Rocks dredged from Hebrides Terrace Seamount have a tholeiitic basaltic composition and define two separate suites, one aluminium-rich and the other aluminium-poor. They contain phenocrysts of augite, olivine, pigeonite, plagioclase and titanomagnetite, which together with ilmenite and pyroxene also occur in the groundmass. The seamount is the location of a positive gravity anomaly that is thought to indicate the presence of a 17 km thick igneous body.

== Geologic history ==
The formation of the Hebrides Terrace Seamount began after the Cretaceous-Palaeogene extinction event. In the early Cenozoic, three pulses of volcanic activity generated the seamount. The volcanism may be correlative to the early Cenozoic Hebridean volcanic province. Ages of 67-60 million years have been obtained on Hebrides Terrace Seamount, as well as
62±1, 51±1 and 48±1 million years ago which coincide with activity at Anton Dohrn Seamount. These dates have been interpreted as indicating fluctuations of the Iceland hotspot.

After the end of volcanic activity, its top was flattened perhaps by Paleocene erosion that has been recognized in the region although other processes may be involved as well.
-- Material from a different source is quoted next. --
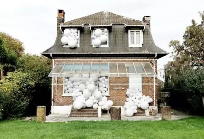 將大量白色的充氣氣球放在了房子、社區(qū)和自然景觀整個畫面就匯集成了一件不錯的藝術裝置:氣球從破舊古老的木質房屋、從兩棟樓之間、從一輛破舊的車中......白色的氣球裝置將這些破舊的容器入侵,填充,這種強烈的新舊和突兀感讓畫面顯得特別的美。

This along with subsidence during the Eocene, Oligocene and in a lesser measure during the Miocene and later time lowered its summit below sea level.
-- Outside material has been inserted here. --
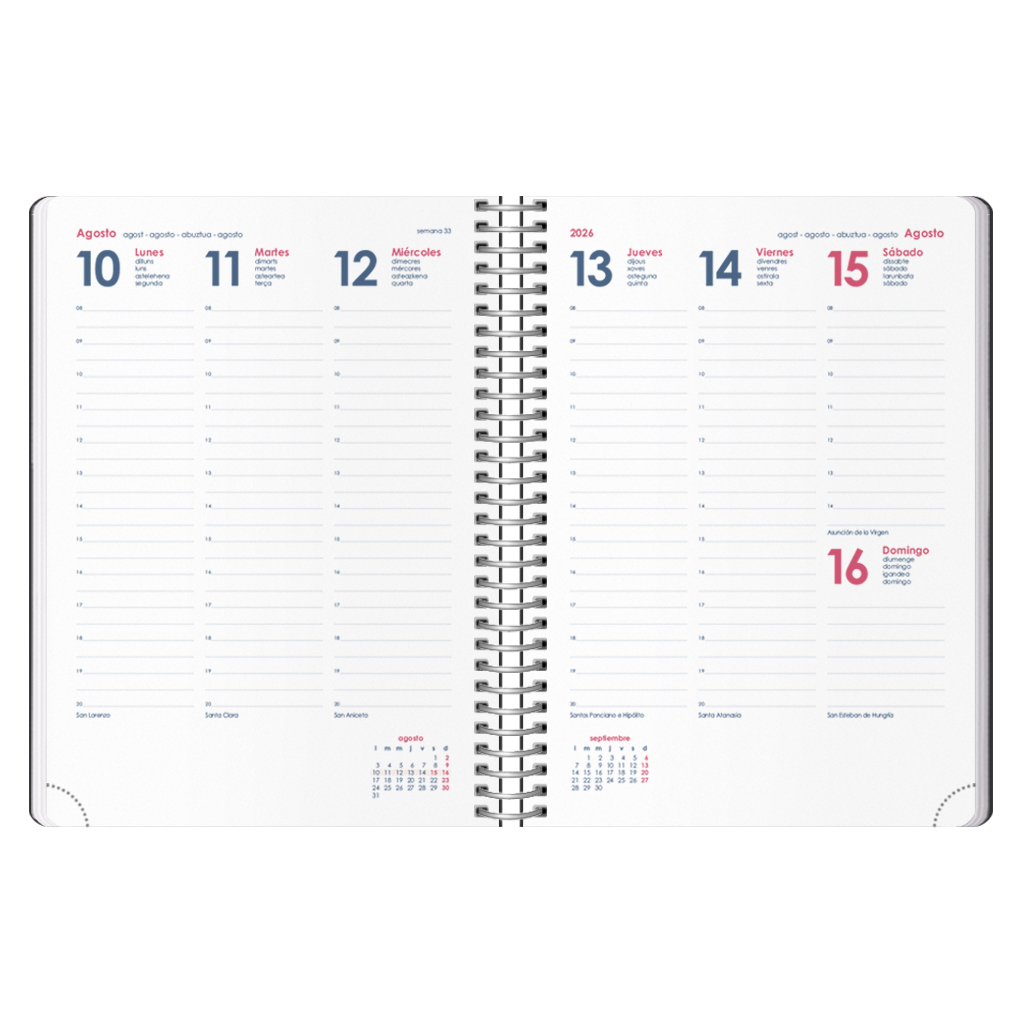 Home Agendas Anuais Agenda Dohe Semanal - Syncro – 15 x 21 cm – Preto Agenda Dohe Semanal - Syncro – 15 x 21 cm – Preto 2 unidades em stock | SKU: 11622A | EAN: 8421938116229 17,99 € Desconto de %. IVA incluído. Compre este produto e ganhe 35 Pontos! Saber mais Comprar Contactar Adicionar à wishlist Agenda anual. Tampa feita de tampa de polipropileno opaco, elástico e pontas arredondadas. Vista interior semanal, impressa a duas cores em papel offset branco de 70 grs., com 160 páginas. Dados pessoais, Calendário trienal, Planejamento do ano, Indicativos internacionais, Páginas de anotação. Cabeçalhos em 5 idiomas (espanhol, catalão, galego, basco e português), Onomástica, Semana, Calendários do mês atual e do próximo. Marca Dohe Partilhar

Evidence of more recent seismic activity is found along its southern slopes. On 13 April 1980 a earthquake occurred just west of Hebrides Terrace Seamount; it was probably not an underwater explosion and may have been instead caused by movements along a local fault. Isostatic processes may have caused the earthquake. Another earthquake occurred south of the seamount in 1986.

== Life ==
Xenophyophores (mainly Syringammina fragilissima), sponges and corals (such as Solenosmilia variabilis) occur on Hebrides Terrace Seamount, principally on its slopes, and form so-called "coral gardens". These also host black corals, crinoids, egg cases of elasmobranchs, glass sponges and ophiuroids. The faunal communities vary depending on the depth, the substrate (bedrock, cobbles, corals, gravel and sand), the nature of the watermass surrounding them and internal tides which modulate the nutrient supply. The complicated oceanographic regime may facilitate the concentration of nutrients at the seamount, enabling the development of rich biological communities.

Beaked whales, fin whales, harbour porpoises, long-finned pilot whales have been sighted on the seamount. Fish species encountered at Hebrides Terrace Seamount include Atlantic codling, false boarfish and roundnose grenadier. Overfishing has decimated orange roughy spawning aggregations that formerly occurred at Hebrides Terrace Seamount. Sharks and other fish have also declined since the 1970s.

== Marine Protected Area ==

The Hebrides Terrace Seamount, together with a nearby seabed feature known as the Barra Fan, are together designated by the Scottish Government as a Nature Conservation Marine Protected Area named the Barra Fan and Hebrides Terrace Seamount Marine Protected Area.